2024年08月30日 10時00分更新

「AMD Ryzen 5 8600G」なら、ビデオカードなしで自作PCを構築できる!

 昨今のビデオカードは性能が向上すると同時に価格も高騰し、ミドルレンジでも10万円を超えるものも登場している。これだけ高価になると、PCのコストを抑えたい人にとってビデオカードは重荷になるだろう。

 そこで注目したいのが、AMDの「APU」(Accelerated Processing Unit)だ。簡単にいうとAPUとはグラフィック機能を統合したCPUを指し、AMDのAPUにはAMD Radeonシリーズで採用された技術が用いられている。ビデオカードなしでも自作PCの構築が可能だ。

 そこで今回は、AMDのAPU「AMD Ryzen 5 8600G with Ryzen AI」(以下、Ryzen 5 8600G)を用いて、実際にゲームを快適にプレイできるかどうか確かめたのだ。

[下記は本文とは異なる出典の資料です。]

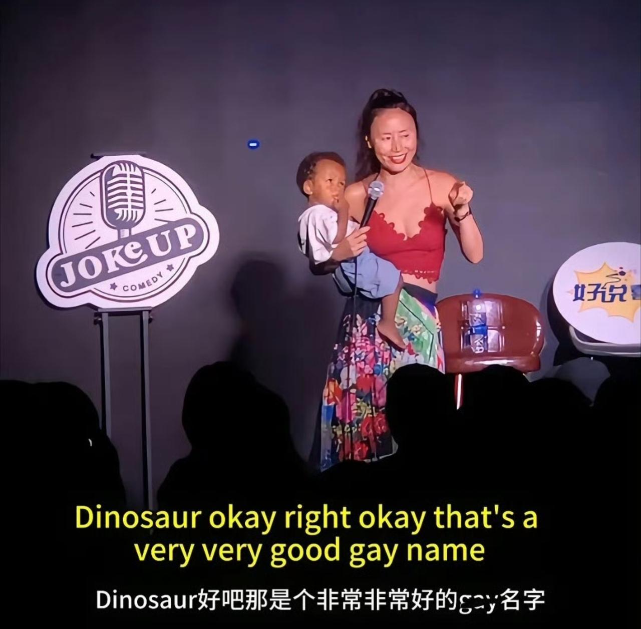 如今脱口秀女演员也是够拼的,上台讲节目都要带孩子了吗? 并且我如果没看错的话,她

AMD Ryzen 7000シリーズと同じZen 4ベース、GPUはRDNA 3世代のAMD Radeon 780Mを統合

 まずはAMD Ryzen 8000Gシリーズのスペックについておさらいしよう。Ryzen 8000Gシリーズは、「AMD Ryzen 7 8700G with Ryzen AI」、上記のRyzen 5 8600G、そして「AMD Ryzen 5 8500G」「AMD Ryzen 3 8300G」の4製品からなり、それぞれコア数や内蔵GPUなどが異なっている(Ryzen 3 8300Gは国内未発売)。またAMD Ryzen 7000シリーズと同じZen 4アーキテクチャーを採用し、TSMCの4nm FinFETで製造されている。なお、Socket AM5に対応しているため、Ryzen 7000シリーズなどと同じマザーボードで利用可能だ。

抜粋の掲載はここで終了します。